Осужденный лет так на сто тридцать пять неизбежно приходит к подобному: отправляет в отставку рыдания.
И вот, слезы мои, словно Арал, уничтожены. Глаза обернулись безводными солончаками.
Возможно, и тухла на самом их дне, подобно умирающей лужице, какая-нибудь оставшаяся васильковая синь: не знаю, не ведаю…
Констатирую: случайным одним вечерком из зазеркалившегося болотца явились вдруг водоносу (совершенно ведь антинарциссически нагнулся я за упущенным ведром) ребра махатмы Ганди, болтающиеся на мослах таза порты и натурально толстовская борода.
Но то был уже не я, государи.
А местная фауна?
А установившийся, в конце концов, пусть и примитивный, но быт?!

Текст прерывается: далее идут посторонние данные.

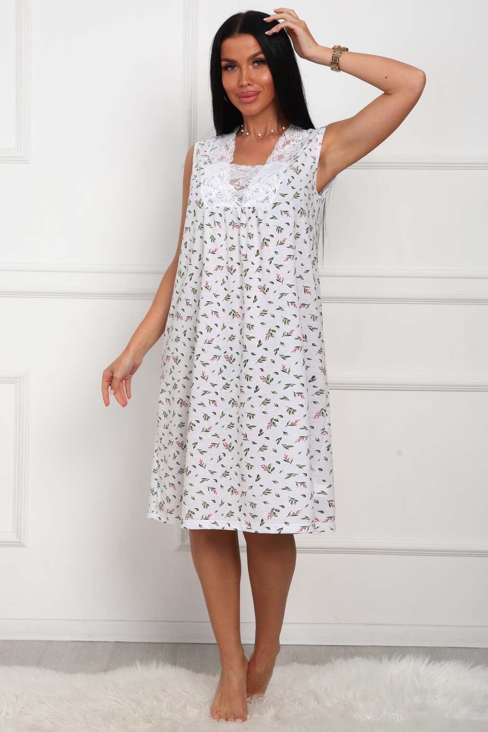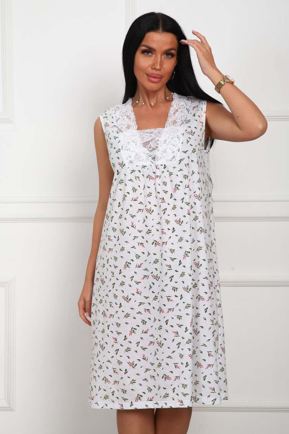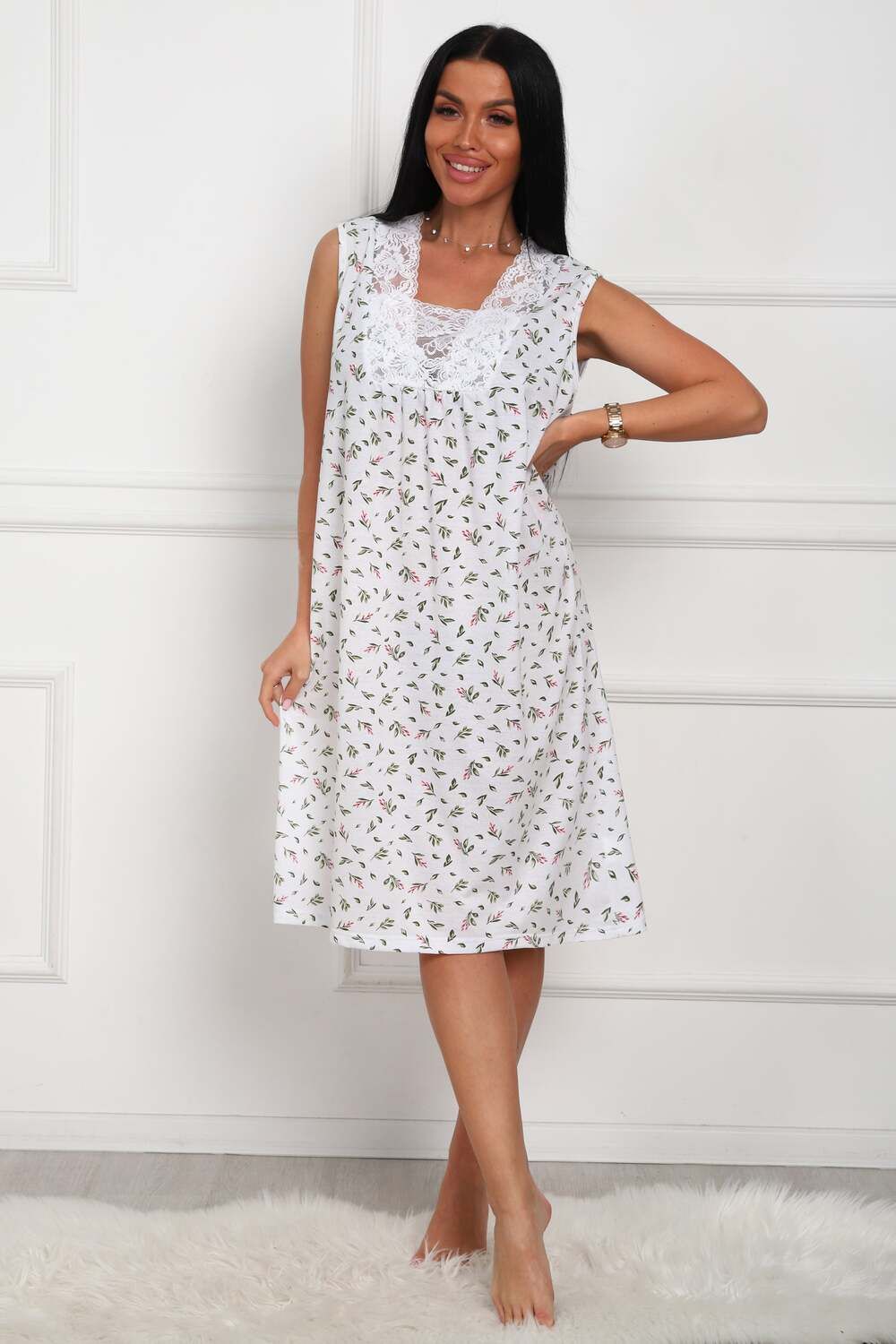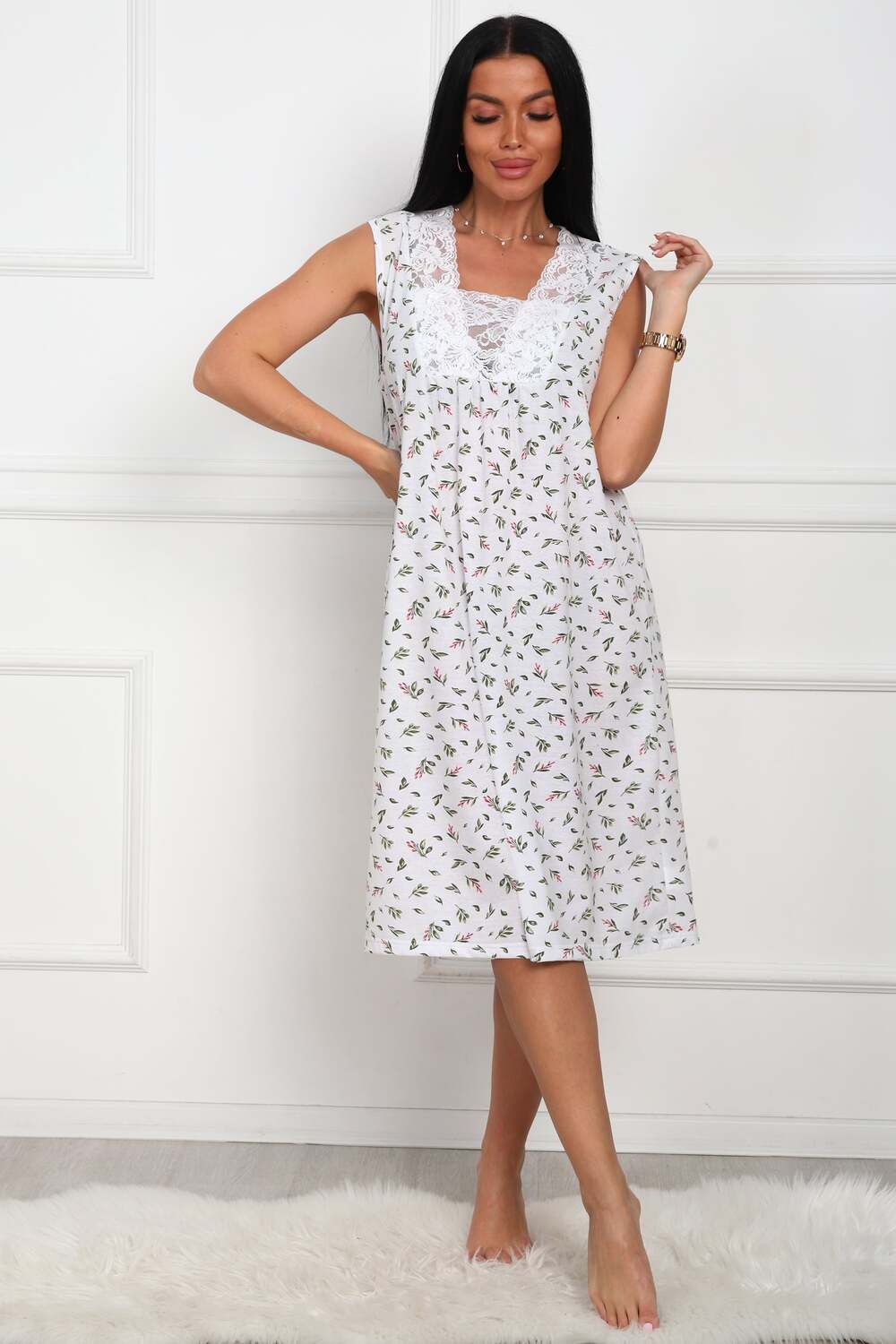 Сорочка женская из натурального набивного полотна. Хлопок 100%. Силуэт прямой. Длинна чуть ниже колена. Горловина фигурной формы, отделана кружевом. По линии груди легкая сборка. По спинке рельефы. Без рукава. Пройма и горловина спинки обработаны окантовкой. Низ изделия прямой.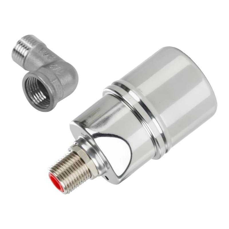 The integrated floating ball mechanism activates precise water flows regulation across 1/2" to 1" pipes, supported by three threaded adapters and a 90° elbow for flexible installation in diverse plumbing configurations.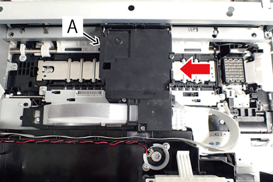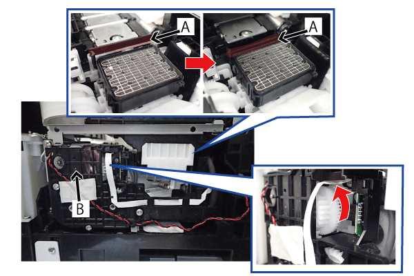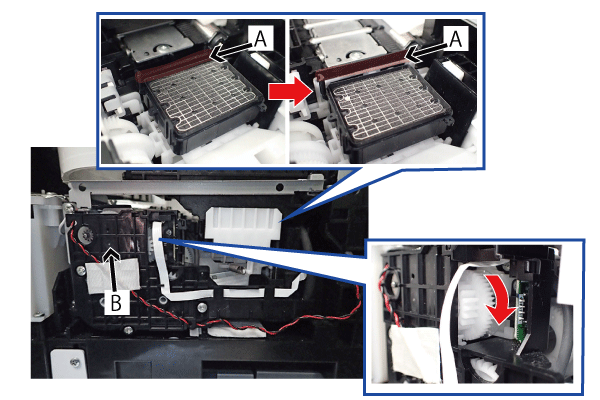 Rotate the gear of the Ink System Unit (B) in the direction of the arrow to move the Wiper (A) to wiping position.

Совсем позабыл! О, простите! Сделайте все поправки: на мой психоз, на безумие! Согласитесь, есть причина посыпать пеплом голову в первой части этой саги. И вообще, положа руку на сердце, джентльмены – кто из вас, попыхивающих сигариллами после очередного раблезианского ужина, уютно уместившихся там, за стеной, в электрическо-винно-мясном изобилии всемирного человейника[18], попадал в подобную западню? Впрочем, каюсь: от миксбордеров и бордюров вы уже порядком устали. А я все об одном – словно раввин на похоронах. Расписываю отчаяние сверхлюбопытного франта, пружинистого молодца, обнаружившего вдруг на пути своем бездну, наклонившегося над зияньем ее в ницшеанской надежде увидеть – и в эту самую глубь со всего размаху вдруг ухнувшего: без права на переписку.

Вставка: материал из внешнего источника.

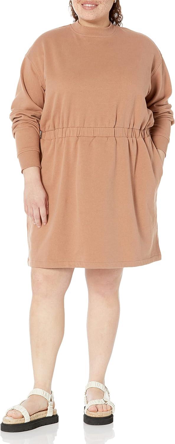 Amazon Essentials Women’s Waisted Sweatshirt Dress (Available in Plus Size)(Light Brown)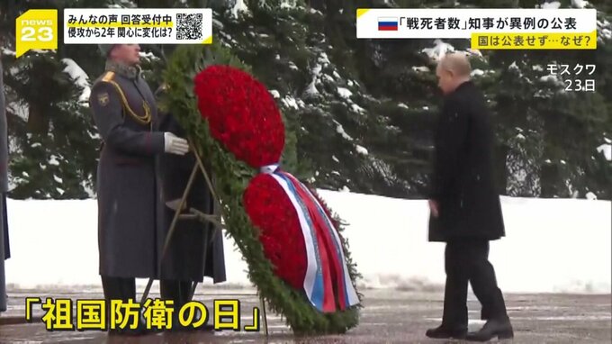 プーチン大統領はロシアの祝日「祖国防衛の日」にあたる23日、無名戦士の墓に献花を行いました。
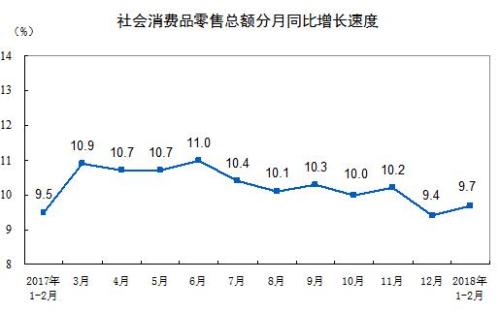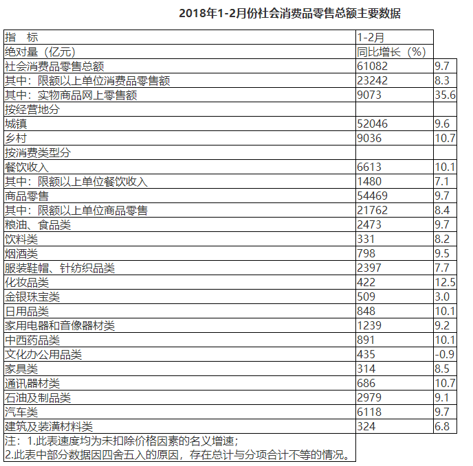 据国家统计局网站消息,2018年1-2月份,社会消费品零售总额61082亿元,同比名义增长9.7%。其中,限额以上单位消费品零售额23242亿元,增长8.3%。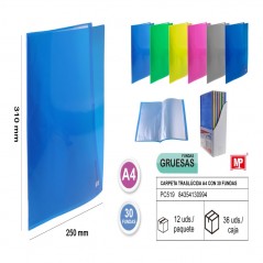 Carpeta translúcida de color azul compuesto por 30 fundas gruesas.
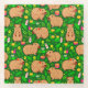 Capybara Sketch mit Frühlingsblumen auf Grün Glasuntersetzer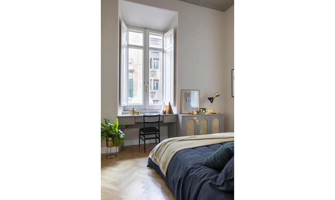 L’utilizzo a piene mani dei neutri e dei bianchi aveva dato una personalità indefinita, mentre le strombature delle grandi finestre che occupavano pareti intere mantenevano le stesse totalmente inutilizzate: c’è voluto un intenso lavoro di progettazione su misura che ha fatto guadagnare metri quadri soprattutto nelle camere da letto, che oggi prevedono delle scrivanie a incasso.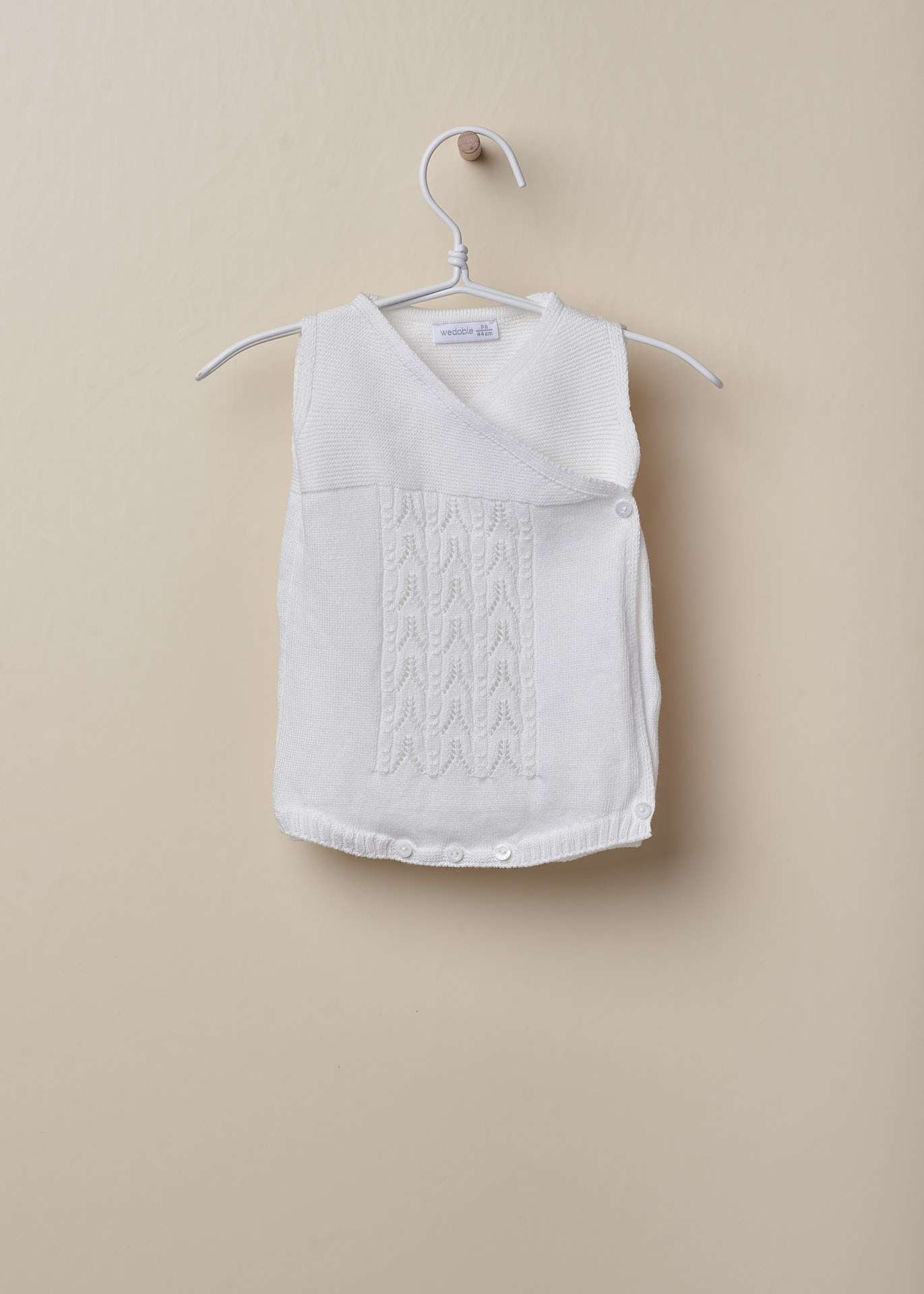 Fofo trespasse tricotado em malha fina de algodão orgânico, suave e respirável, ideal para bebés recém nascidos. O fofo de manga curta LOVE aperta na frente e entre pernas com botões madre pérola. Produzido em Wholegarment, uma peça completa sem costuras, para maior conforto do seu bebé.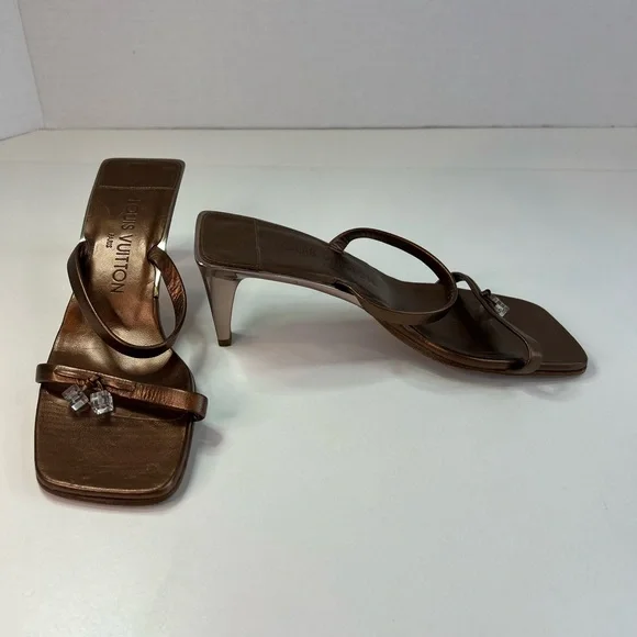 Louis Vuitton Clear Cube Copper Leather Strappy SandalsUS 6.5 EU 36.5 w/COA

Хватит траурных воплей – в конце концов, и в аду бывают воскресные дни. Чем-то надо разнообразить этот реквием. Ведь даже для обитателей замороженной Колымы расцветал вдруг праздник, когда, поскользнувшись перед их согбенным, безмолвным, словно тамошний лес, строем, лихо хряпался мордой в лед посиневший – бритье и паленая водка – толстогубый испитой вертухай.
Так вот: беспросветность иногда разжимала мое дрожащее горло.
Был и отдых.
И, ко всему прочему, привычка взяла свое.

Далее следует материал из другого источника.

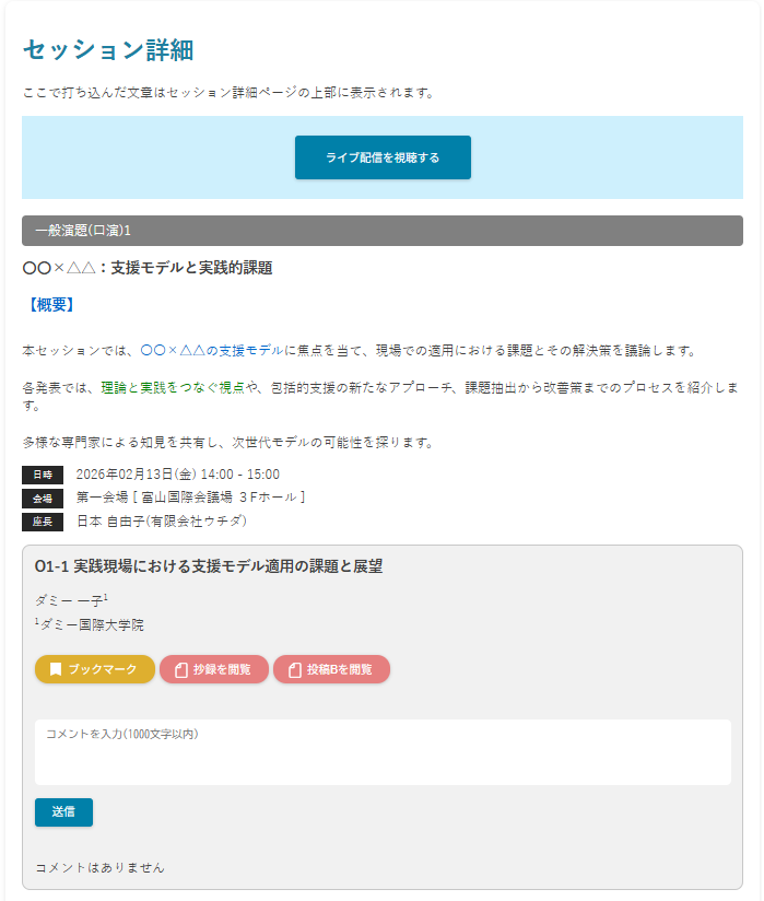 セッション詳細では、選択したセッションや発表について、プログラム一覧より詳しい情報の確認や、オンライン視聴などの操作を行うことができます。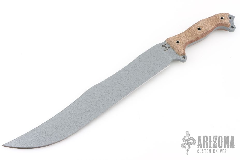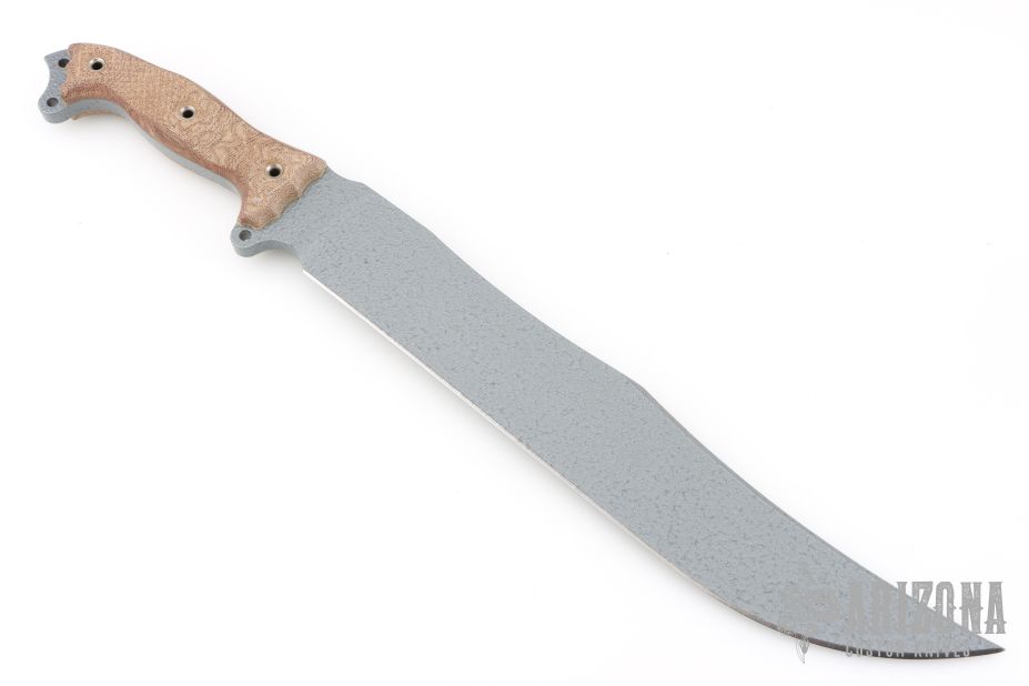 This MOAT by Busse Custom Shop features a clip point blade with hammered silver coating, .348" blade stock and 2.232" blade depth, full tang construction. The handle has natural canvas micarta scales and an extended tang with lanyard holes. Excellent condition.

Нет, нет, душа еще какое-то время сопротивлялась! Она еще пыталась раздвинуть прутья реберной клетки, стремясь выпорхнуть – к суши-барам, пати и раутам, карамелькам-моделям (которых не раз, словно сливочные тянучки, приходилось от себя отковыривать), теннисным кортам на благословенной Суматре. Простите, друзья, мою сверхнаивную душу! Снились ей и торги, и круизы, и нью-йоркские стриптизерши, пропитанные вызывающей независимостью, словно торт – коньяком. Но ведь тело привыкло! О, проклятое тело, по другим законам живущее!
Увы, мы свыкаемся слишком со многим: несуразным, нелепым (большевизм, советы доктора Хаббарда, симфониетта A-dur op 5 г-на Прокофьева). Привыкал ведь рано или поздно какой-нибудь сгорбленный краковский часовщик к наивысшим, после Петрарки и Шиллера, вершинам европейского гения – звездно-желтой нашлепке, бараку-фаланстеру и арийскому «halt»[19], доходчивому, словно ухмылка овчарки.
Лошади на рудниках (жестокосердное средневековье) в конце концов всем своим существом принимали круги Великого Брахмана. Конечно же, поначалу брыкались, но вот на очах их шоры, кнут делает дело, день-второй в темноте горной выемки – и рычаг-колесо начинает вытаскивать, одну за другой, корзины.
А строители шумерских храмов?
Возводители Вавилона?
Воздвигатели пирамид?
Бесконечные дяди Томы на полях Алабамы, поющие а капелла свои задушевные гимны-плачи, лиловыми пятками смиренно отбивающие ритм их?